My primary contention here is

The replication crisis in science is concentrated in areas where (1) there is a tradition of controlled experimentation and (2) there is relatively little basic theory underpinning the field.

Further, in general, I don’t believe that there’s anything wrong with the people tirelessly working in the upper right box. At least, I don’t think there’s anything more wrong with them compared to the good people working in the other three boxes.

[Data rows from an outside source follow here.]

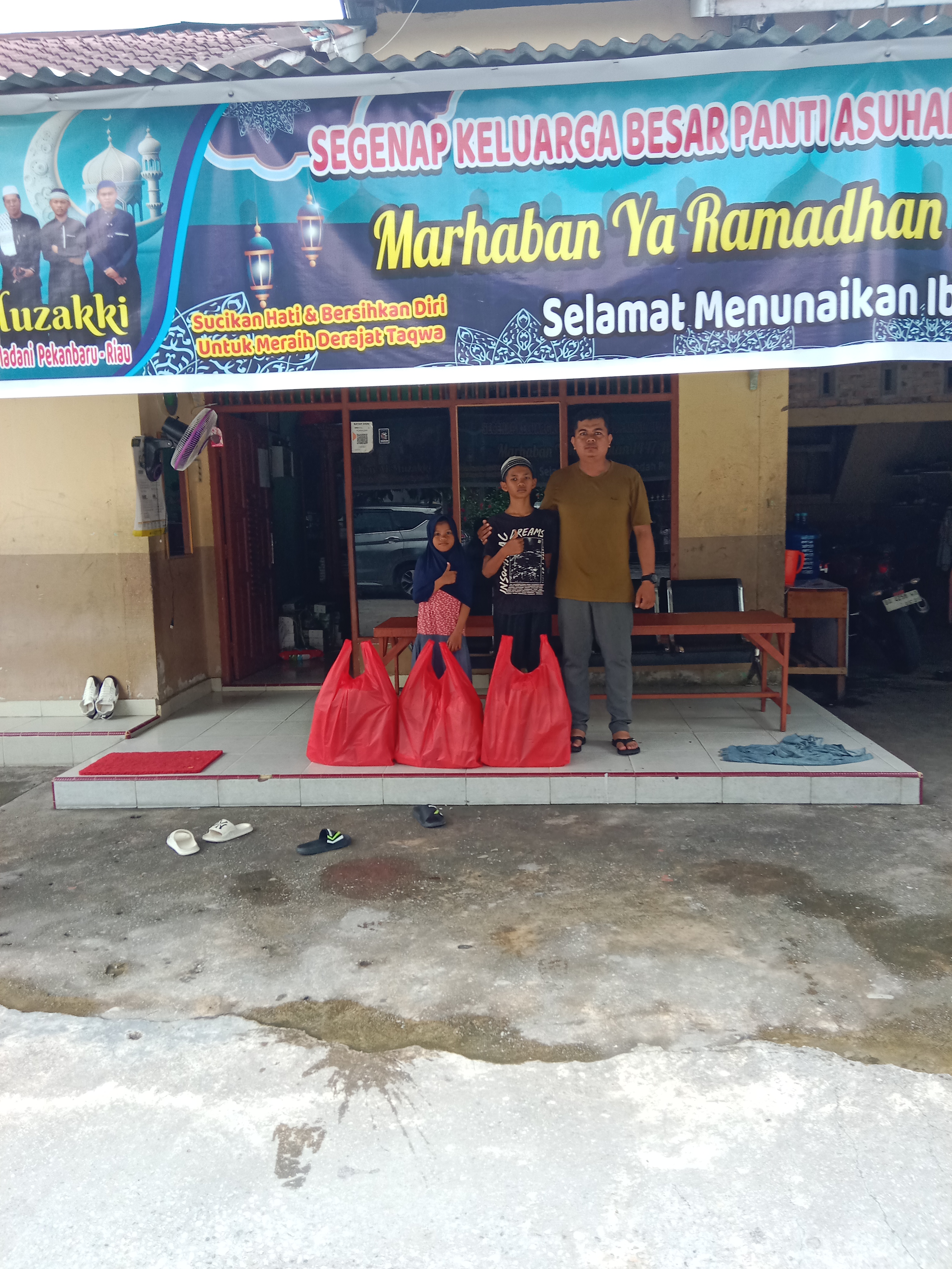 Dana bantuan dari #TemanBaik sudah disalurkan ke Panti Asuhan Al Muzakki di daerah Pekanbaru pada Minggu, 17 Maret 2024, dengan pembagian sebanyak 18 nasi kotak.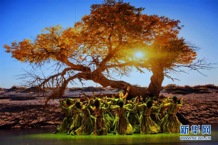 12月18日,在蘭州音樂(lè)廳,西北民族大學(xué)演員表演舞蹈《胡楊贊》。 新華社記者范培珅攝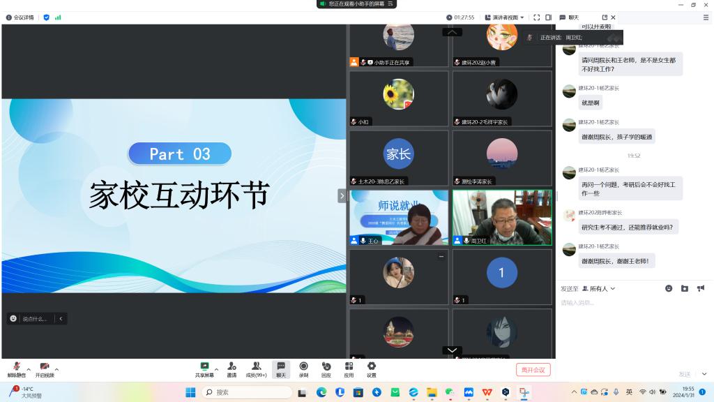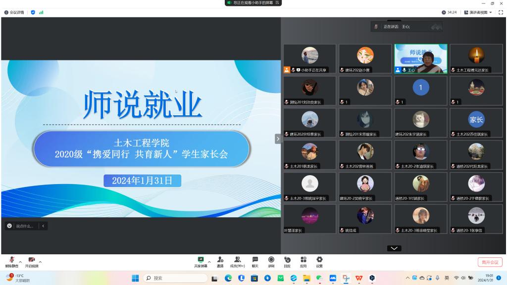 2月1日,安博官网线上平台土木工程学院“家校共育,共促就业”家长会于线上召开,学院院长周卫红教授应邀出席并围绕职业生涯规划和就业指导等内容展开宣讲,2024届毕业班辅导员、全体毕业生及家长参加会议。

In case anyone is wondering where the state of clinical science is relative to, say, particle physics with respect to basic theory, I only point you to the web site for the National Center for Complementary and Integrative Health. This is essentially a government agency with a budget of $124 million dedicated to advancing pseudoscience. This is the state of “basic theory” in clinical medicine.

The Bottom Line

The people working in the upper right box have an uphill battle for at least two reasons

The lack of strong basic theory makes it more difficult to guide investigation, leading to wider ranging efforts that may be less likely to replicate.
The tradition of controlled experimentation places high expectations that research produced here is “valid”. I mean, hey, they’re using the gold standard of evidence, right?

The confluence of these two factors leads to a much greater disappointment when findings from these fields do not replicate. This leads me to believe that the replication crisis in science is largely attributable to a mismatch in our expectations of how often findings should replicate and how difficult it is to actually discover true findings in certain fields. Further, the reliance of controlled experiements in certain fields has lulled us into believing that we can place tremendous weight on a small number of studies. Ultimately, when someone asks, “Why haven’t we cured cancer yet?” the answer is “Because it’s hard”.

The Silver Lining

It’s important to remember that, as my colleague Rafa Irizarry pointed out, findings from many of the fields in the upper right box, especially clinical medicine, can have tremendous positive impacts on our lives when they do work out. Rafa says

…I argue that the rate of discoveries is higher in biomedical research than in physics. But, to achieve this higher true positive rate, biomedical research has to tolerate a higher false positive rate.

It is certainly possible to reduce the rate of false positives—one way would be to do no experiments at all! But is that what we want? Would that most benefit us as a society?

The Takeaway

What to do? Here are a few thoughts:

We need to stop thinking that any single study is definitive or confirmatory, no matter if it was a controlled experiment or not. Science is always a cumulative business, and the value of a given study should be understood in the context of what came before it.
We have to recognize that some areas are more difficult to study and are less mature than other areas because of the lack of basic theory to guide us.
We need to think about what the tradeoffs are for discovering many things that may not pan out relative to discovering only a few things. What are we willing to accept in a given field? This is a discussion that I’ve not seen much of.
As Rafa pointed out in his article, we can definitely focus on things that make science better for everyone (better methods, rigorous designs, etc.).